The final record of 5–11 included the first ever victory by the VooDoo over the Orlando Predators, a dominating 67–54 victory over the eventual ArenaBowl XXI champion San Jose SaberCats, a 78–34 nationally televised defeat at the Philadelphia Soul that ranks as the worst loss in franchise history, a 69–63 nationally televised loss to the New York Dragons where the VooDoo used some curious strategy to run the clock down before going for the winning score on fourth down, and a narrow 80–79 defeat at the Dallas Desperados, in which the VooDoo missed a two-point conversion to try to win the game after regulation time expired.

Despite the terrible record, several players were revelations for the VooDoo. Steve Bellisari, a former Ohio State quarterback, took over the starting job from AFL veteran Andy Kelly; the VooDoo offense became more efficient later in the season. Jonathan Ruffin, a New Orleans native and former Lou Groza award winner, took over kicking duties late in the season and was far more efficient than his predecessor Eric Houle. James Lynch was named to the All-Rookie team at fullback.

===2008===
The VooDoo were picked by prognosticators to bring up the rear of the AFL after free agent WR Derrick Lewis was injured in training camp. By losing the first game in Los Angeles, and having starting Quarterback Steve Bellisari get hurt, things started to look bleak for the VooDoo. Backup quarterback Danny Wimprine, from the New Orleans area, took over, and led by a defense that threatened to shatter the AFL record for interceptions in a season, the VooDoo won seven of their next eight games and threatened to run away with the Southern Division. The VooDoo then suffered a collapse, losing six of their last seven games, and missed the Arena Football playoffs for the third consecutive season, finishing 8–8. Speculation ensued about Mike Neu's job as head coach, as the VooDoo suffered four second-half-of-the-season collapses in their four years as a franchise, but early indications were that he would continue to be the coach in 2009.

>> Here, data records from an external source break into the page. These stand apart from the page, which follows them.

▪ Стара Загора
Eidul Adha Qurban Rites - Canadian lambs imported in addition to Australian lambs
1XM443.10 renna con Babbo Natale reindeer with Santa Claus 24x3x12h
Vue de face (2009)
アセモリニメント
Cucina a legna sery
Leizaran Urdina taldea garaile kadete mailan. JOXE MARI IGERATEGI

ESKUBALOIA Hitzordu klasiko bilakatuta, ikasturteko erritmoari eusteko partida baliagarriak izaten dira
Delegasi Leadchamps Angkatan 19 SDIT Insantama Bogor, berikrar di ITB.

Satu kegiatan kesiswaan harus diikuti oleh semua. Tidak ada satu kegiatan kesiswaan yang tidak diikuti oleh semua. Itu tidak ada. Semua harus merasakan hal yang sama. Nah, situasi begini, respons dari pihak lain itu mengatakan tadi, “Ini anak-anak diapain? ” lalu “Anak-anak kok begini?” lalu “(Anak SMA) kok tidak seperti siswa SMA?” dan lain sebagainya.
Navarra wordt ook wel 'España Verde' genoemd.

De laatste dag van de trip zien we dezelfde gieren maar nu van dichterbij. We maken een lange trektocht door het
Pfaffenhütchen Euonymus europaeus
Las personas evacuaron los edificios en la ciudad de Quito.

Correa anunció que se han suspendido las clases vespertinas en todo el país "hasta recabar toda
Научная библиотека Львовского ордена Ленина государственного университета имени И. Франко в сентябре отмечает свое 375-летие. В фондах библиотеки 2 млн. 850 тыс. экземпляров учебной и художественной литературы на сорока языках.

The New Orleans VooDoo received the Arena Football League's Best Support Staff Award during the ArenaBall Awards Ceremony held in New Orleans on Friday, July 25, 2008.

On October 13, 2008, owner Tom Benson announced the New Orleans VooDoo would not be continuing operations in New Orleans. Reasons given were "circumstances affecting the league and the team." The league would itself go bankrupt not long afterward.

===Rebirth Of the VooDoo===
The Arena Football League announced that they would revive the New Orleans VooDoo for the 2010 season. On September 14, 2010, Nakia Hogan of the New Orleans Times-Picayune reported that the Bossier-Shreveport franchise would move their operation to the city of New Orleans. Jason Coffel, who would serve as the vice president of operations for the VooDoo, said owner Dan Newman would cease operations of the Battle Wings in the Bossier-Shreveport City area and immediately become the New Orleans VooDoo. "The reason this is happening is the Arena Football League recognizes how passionate the New Orleans market is about football", Coffel said. "Proof of that is the success of the Saints and the success of the VooDoo when they were around." The rebirth of the franchise and its renewal would not be affiliated with previous owner of the Voodoo, Tom Benson, or the New Orleans Saints.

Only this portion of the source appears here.